And then, he saw it again and again looming suddenly out of the darkness,
brightening into beauty and the semblance of strength, to be as suddenly
destroyed once more. With each frantic beat of his heart the awful
transformation was renewed. For dreams need not time to spin out their
intolerable length. With each burning throb of his raging blood, every
nerve in his body, every aching recess of his brain, was pierced and
twisted, and pierced again with unceasing agony.
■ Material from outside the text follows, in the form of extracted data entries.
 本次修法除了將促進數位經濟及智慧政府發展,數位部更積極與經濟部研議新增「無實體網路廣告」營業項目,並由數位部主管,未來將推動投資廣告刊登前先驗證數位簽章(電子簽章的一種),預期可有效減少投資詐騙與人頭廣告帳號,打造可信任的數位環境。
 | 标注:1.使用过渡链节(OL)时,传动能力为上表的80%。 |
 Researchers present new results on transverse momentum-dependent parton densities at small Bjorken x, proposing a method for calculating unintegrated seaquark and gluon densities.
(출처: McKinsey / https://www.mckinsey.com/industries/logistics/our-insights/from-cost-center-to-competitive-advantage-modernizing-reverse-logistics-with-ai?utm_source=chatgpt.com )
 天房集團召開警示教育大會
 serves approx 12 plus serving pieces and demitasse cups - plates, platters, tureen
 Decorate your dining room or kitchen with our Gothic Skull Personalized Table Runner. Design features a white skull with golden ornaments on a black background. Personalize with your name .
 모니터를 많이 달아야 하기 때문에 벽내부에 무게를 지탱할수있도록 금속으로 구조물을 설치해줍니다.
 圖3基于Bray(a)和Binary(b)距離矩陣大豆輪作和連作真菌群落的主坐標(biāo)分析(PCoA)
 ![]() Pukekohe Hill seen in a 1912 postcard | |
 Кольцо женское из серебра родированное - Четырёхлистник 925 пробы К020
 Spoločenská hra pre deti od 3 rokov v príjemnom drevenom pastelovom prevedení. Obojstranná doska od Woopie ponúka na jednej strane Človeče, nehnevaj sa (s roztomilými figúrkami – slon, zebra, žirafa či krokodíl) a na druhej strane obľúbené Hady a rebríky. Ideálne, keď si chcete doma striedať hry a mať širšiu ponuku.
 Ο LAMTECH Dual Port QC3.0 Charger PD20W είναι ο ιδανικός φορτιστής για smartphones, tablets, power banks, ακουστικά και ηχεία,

Then a new horror was added to the rest. He saw before him the poor Polish
girl, her only beauty shorn away for his sake, he saw all that he had
promised in return, and he knew that he had nothing to give her, nothing,
absolutely, save the crazy love of a wretched madman. He could not even
repay her the miserable money which had cost her so dear. Out of his
dreams of fortune there was not so much as a handful of coin left to give
the girl who had given all she had, who had sold her hair to save his
honour. With frightful vividness the truth came over him. That honour of
his, he had pledged it in the recklessness of his madness. She had saved
it out of love, and he had not even--but no--there was a new memory
there--love he had for her, passionate, tender, true, a love that had not
its place among the terrors of the past. But--was not this a new dream, a
new delusion of his shaken brain? And if he loved her, was it not yet more
terrible to have deceived the loved one, more monstrous, more infamous,
more utterly damnable? The figure of her rose before him, pitiful, thin,
weak, with outstretched hands and trusting eyes--and he had taken of her
all she had.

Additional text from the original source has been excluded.